I’ve been working with a new therapist.
After group therapy ended last year, I saw my old therapist a few times when I found myself in a low place. A few months ago, I found myself in another low place and realized it was time to find another consistent way to work with someone. Instead of trying to get on my old therapist’s calendar in three weeks when she had an opening, and by that time I’d hopefully no longer feel the same acute need during a hard time, I’d have a weekly relationship with someone.
If I’m honest, I harbor hope that having a relationship with a therapist will prevent these hard times from happening in the first place. I’ll sit in his office each week, talk about what was hard for me since I last saw him, he’d give me some insights into why my brain works the way it does, and together we can keep my anxiety and depression locked up in a box in the corner—we know it’s there and a threat but manageable and controlled.
Those of you in therapy will be shaking your heads by now.

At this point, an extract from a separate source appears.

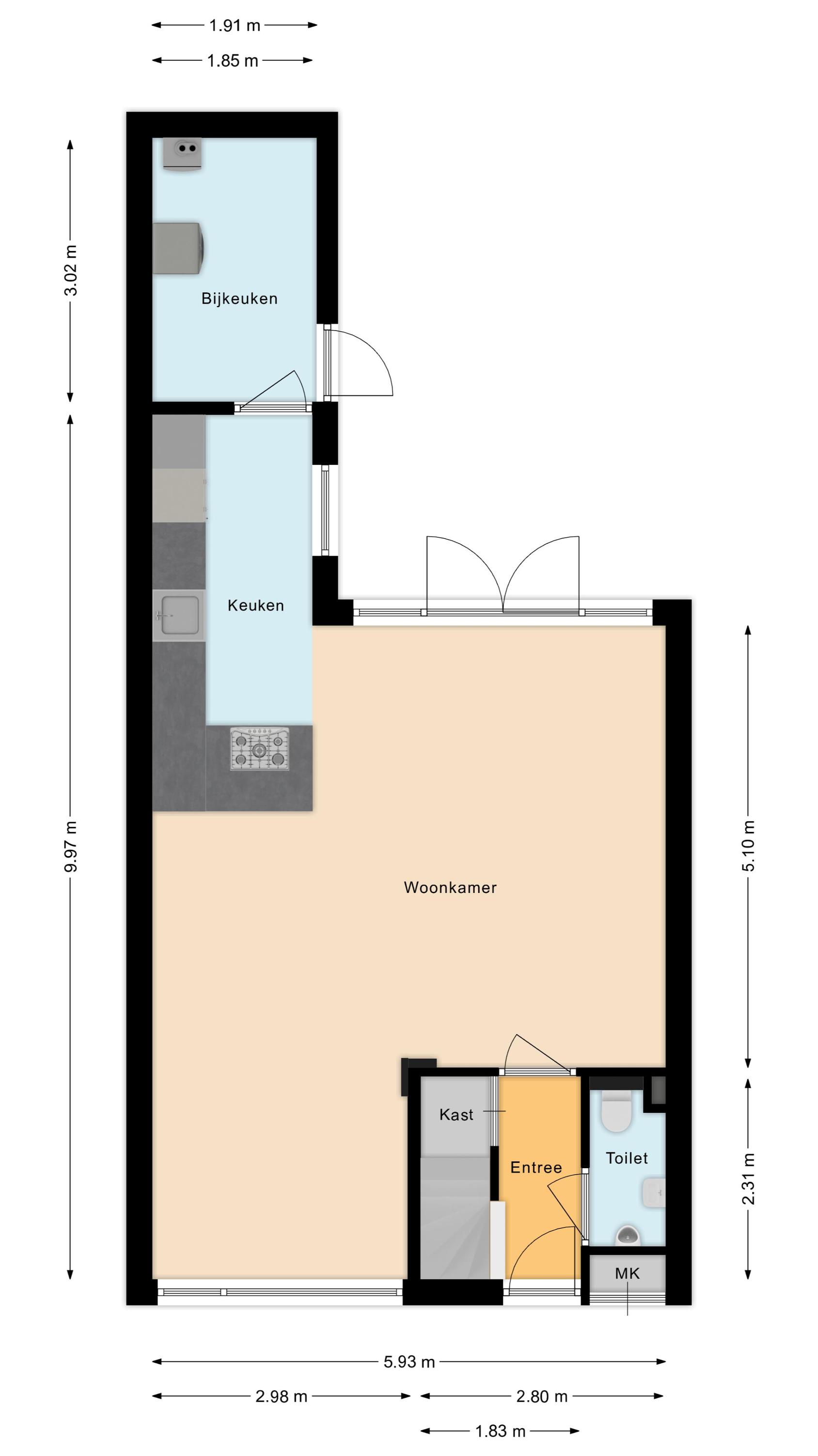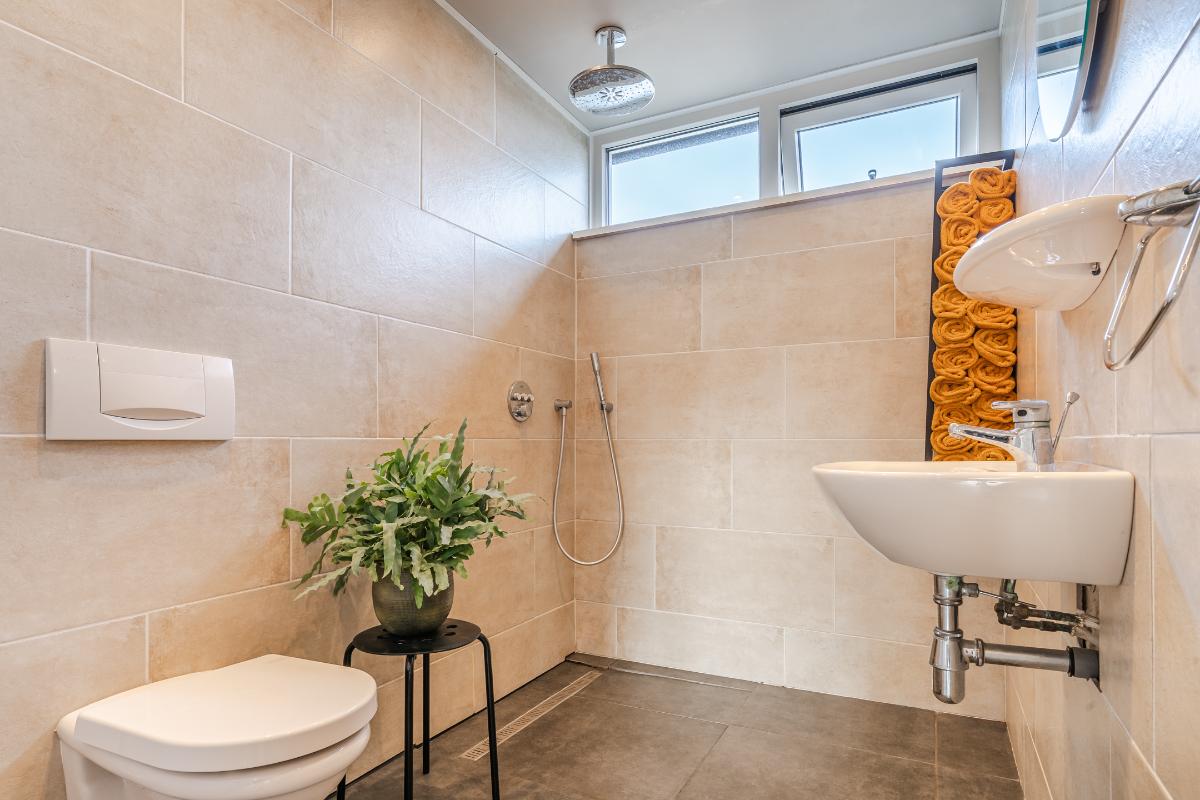 Bij binnenkomst via de ruime entree valt meteen de open en lichte woonkamer op. Hier kan je heerlijk ontspannen na een dagje strand. De moderne keuken is van alle gemakken voorzien, inclusief een handige bijkeuken waar je alles netjes kunt opbergen.

Cause this isn’t at all how it works.
In fact, the reason this therapist “stuck” for me was him picking up, in our first consult session together, that spending time trying to figure out what was “wrong” with my brain and why was triggering for me, and instead his philosophy is one of acceptance and not getting stuck in destructive patterns of thought.
In other words, the goal isn’t to stop the anxiety and depression, because they aren’t something wrong that need to be fixed, they are characteristics to recognize and notice, and choose to see as separate from me.
Because they aren’t something that need to be fixed.
I wrote about this shift in perspective back in May, so I was immediately thrilled to find a therapist who could help me on the journey.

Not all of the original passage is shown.